§ Exercise aim:
Using the data below, restate exactly every line from the one with "În plus, tehnica" up to and including the one with "- Q: Are the". No picture belongs in it.

§ Records:
------------------------------------
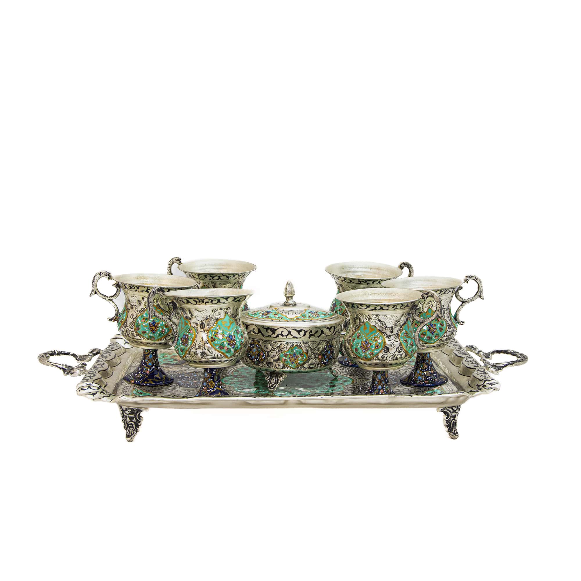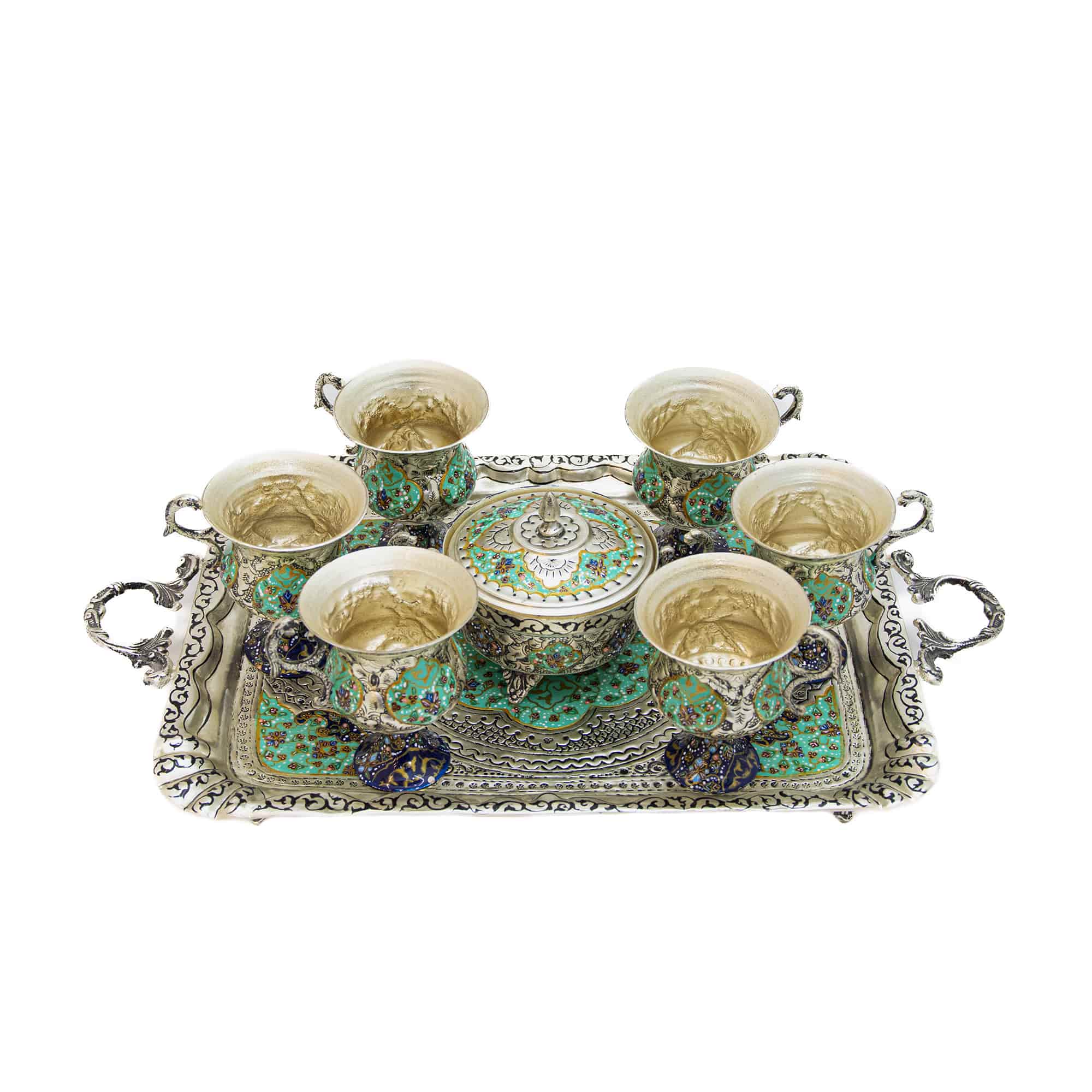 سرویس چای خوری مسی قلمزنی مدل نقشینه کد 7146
------------------------------------
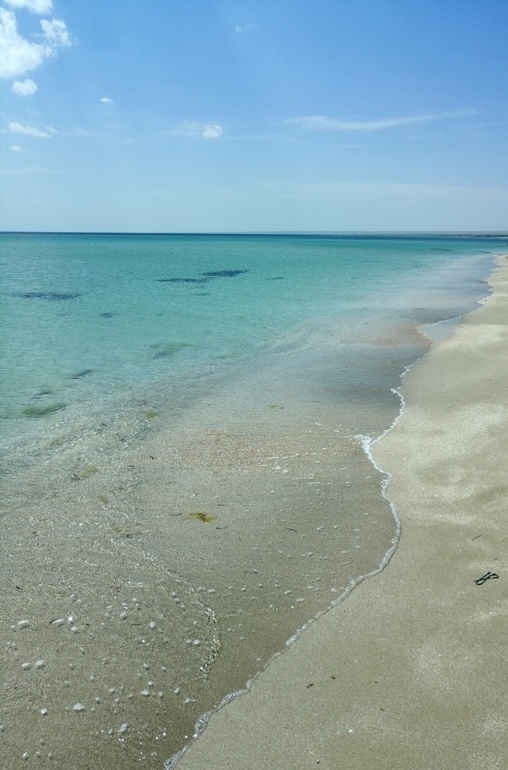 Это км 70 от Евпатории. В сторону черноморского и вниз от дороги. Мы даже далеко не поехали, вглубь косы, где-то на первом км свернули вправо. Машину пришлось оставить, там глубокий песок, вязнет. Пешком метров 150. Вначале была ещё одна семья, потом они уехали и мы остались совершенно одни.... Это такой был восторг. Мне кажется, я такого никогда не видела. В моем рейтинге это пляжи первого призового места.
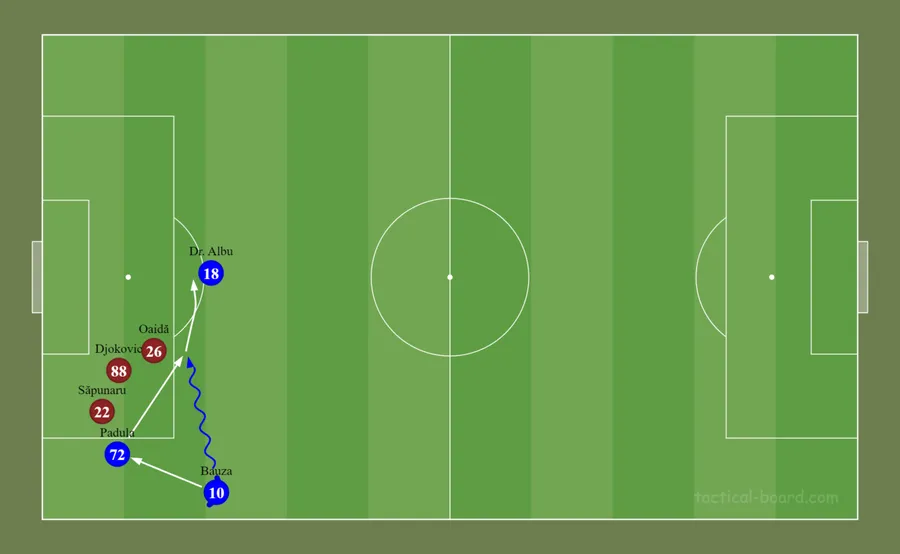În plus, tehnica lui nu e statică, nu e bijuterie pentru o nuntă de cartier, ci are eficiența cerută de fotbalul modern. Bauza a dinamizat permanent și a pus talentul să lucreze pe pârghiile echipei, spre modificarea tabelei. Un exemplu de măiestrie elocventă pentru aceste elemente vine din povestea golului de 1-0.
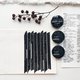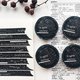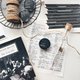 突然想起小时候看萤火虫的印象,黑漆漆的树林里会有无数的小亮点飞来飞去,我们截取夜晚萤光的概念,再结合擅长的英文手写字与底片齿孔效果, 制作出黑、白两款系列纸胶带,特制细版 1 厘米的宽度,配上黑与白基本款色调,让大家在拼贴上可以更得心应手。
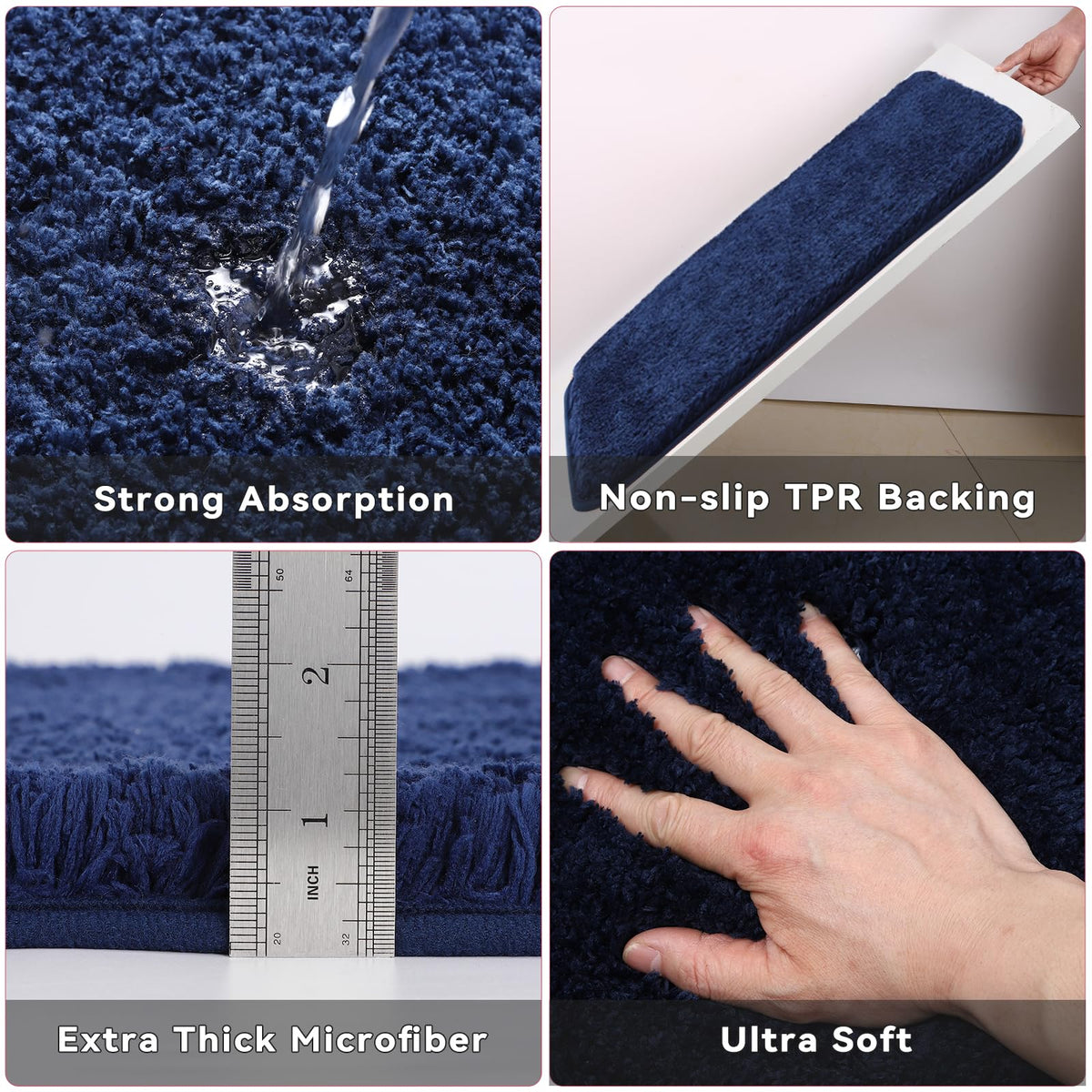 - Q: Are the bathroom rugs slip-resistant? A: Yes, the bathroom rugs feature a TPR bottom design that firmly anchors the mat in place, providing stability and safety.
------------------------------------
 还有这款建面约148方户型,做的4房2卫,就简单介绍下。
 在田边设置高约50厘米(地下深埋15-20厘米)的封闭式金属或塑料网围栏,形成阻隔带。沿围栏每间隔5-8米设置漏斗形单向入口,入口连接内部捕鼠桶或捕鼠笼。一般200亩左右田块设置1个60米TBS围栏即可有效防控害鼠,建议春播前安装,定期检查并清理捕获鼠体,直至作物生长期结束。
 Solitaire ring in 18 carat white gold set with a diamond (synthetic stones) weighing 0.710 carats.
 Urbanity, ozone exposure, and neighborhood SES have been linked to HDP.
------------------------------------
§ Solution for this exercise:
În plus, tehnica lui nu e statică, nu e bijuterie pentru o nuntă de cartier, ci are eficiența cerută de fotbalul modern. Bauza a dinamizat permanent și a pus talentul să lucreze pe pârghiile echipei, spre modificarea tabelei. Un exemplu de măiestrie elocventă pentru aceste elemente vine din povestea golului de 1-0.
 突然想起小时候看萤火虫的印象,黑漆漆的树林里会有无数的小亮点飞来飞去,我们截取夜晚萤光的概念,再结合擅长的英文手写字与底片齿孔效果, 制作出黑、白两款系列纸胶带,特制细版 1 厘米的宽度,配上黑与白基本款色调,让大家在拼贴上可以更得心应手。
 - Q: Are the bathroom rugs slip-resistant? A: Yes, the bathroom rugs feature a TPR bottom design that firmly anchors the mat in place, providing stability and safety.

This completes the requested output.